Last Thursday, a boiler tower at a thermal power plant operated by the state-run Korea East West Power Company collapsed as it was being prepared for demolition. The plant is located in Ulsan, in the southeastern part of the country, just north of Busan.
Seven workers were trapped underneath the rubble as they had been cutting steel pillars in the tower. As of Tuesday, four workers have been confirmed dead, one is presumed to have died while still being trapped, while the locations of the other two workers remained unknown. Two other workers were injured and taken to a hospital in stable condition.
Search operations were reportedly hampered by two other towers nearby also slated for demolition. After those were demolished on Tuesday, the search resumed for the four trapped workers, though they are presumed dead.
The 60-meter tower had been out of operation since 2021, and the workers were weakening the structure to prepare for its demolition. The exact cause of the accident is under investigation, but media reports suggest that a heavier weight was placed on one side of the tower, causing it to collapse.

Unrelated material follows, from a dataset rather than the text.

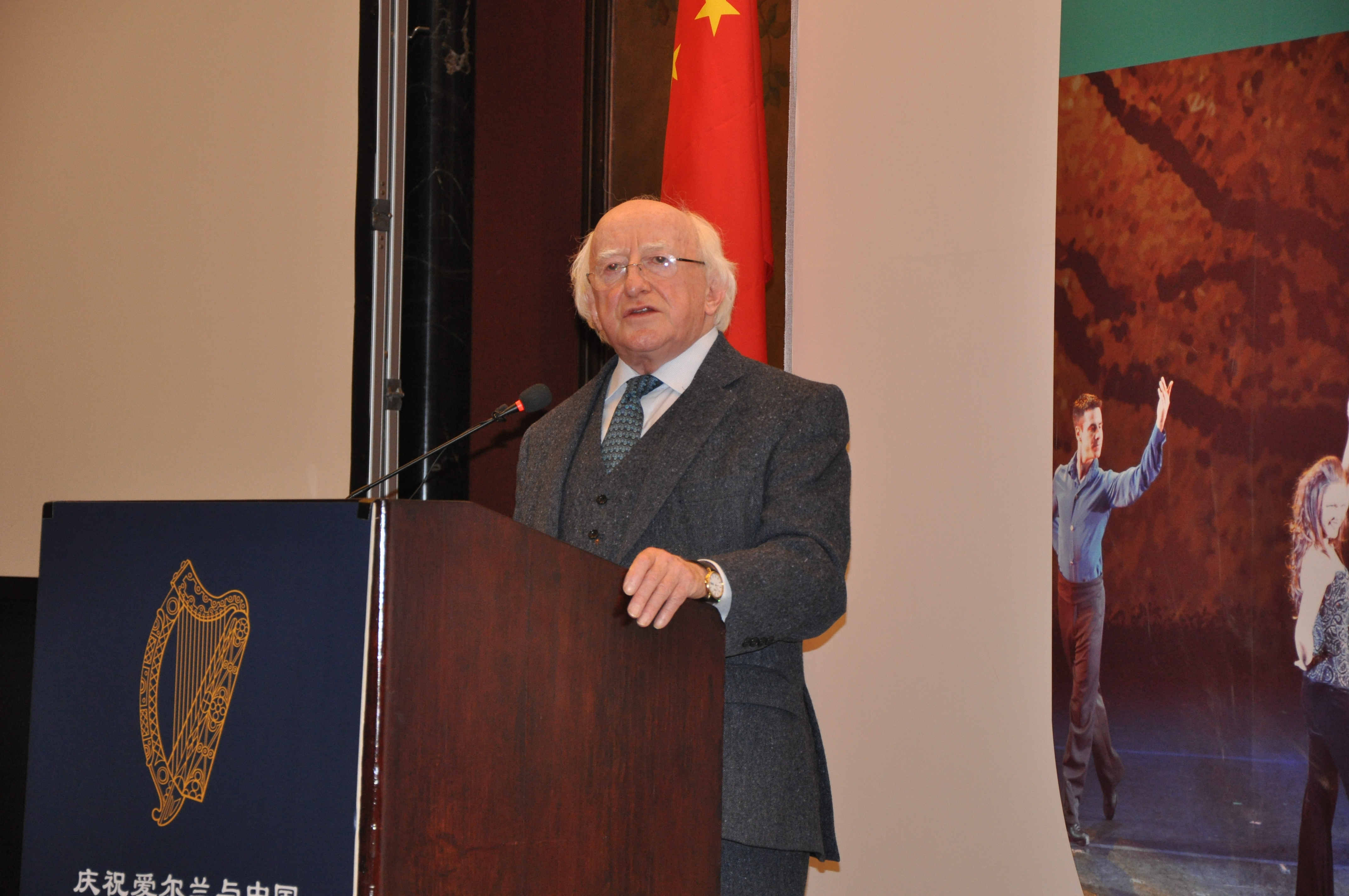 爱尔兰总统希金斯在中爱交流合作招待会上致辞

The workers were employed by a subcontracting company. HJ Shipbuilding & Construction (HJSC) was hired to carry out the demolition for 57.5 billion won ($US39.5 million) and subsequently used workers from its subcontractor, Korea Kacoh. Subcontractors are a particularly vulnerable section of the South Korean working class. Many lack job protections, receive lower pay, and are often forced into dangerous positions to keep their jobs.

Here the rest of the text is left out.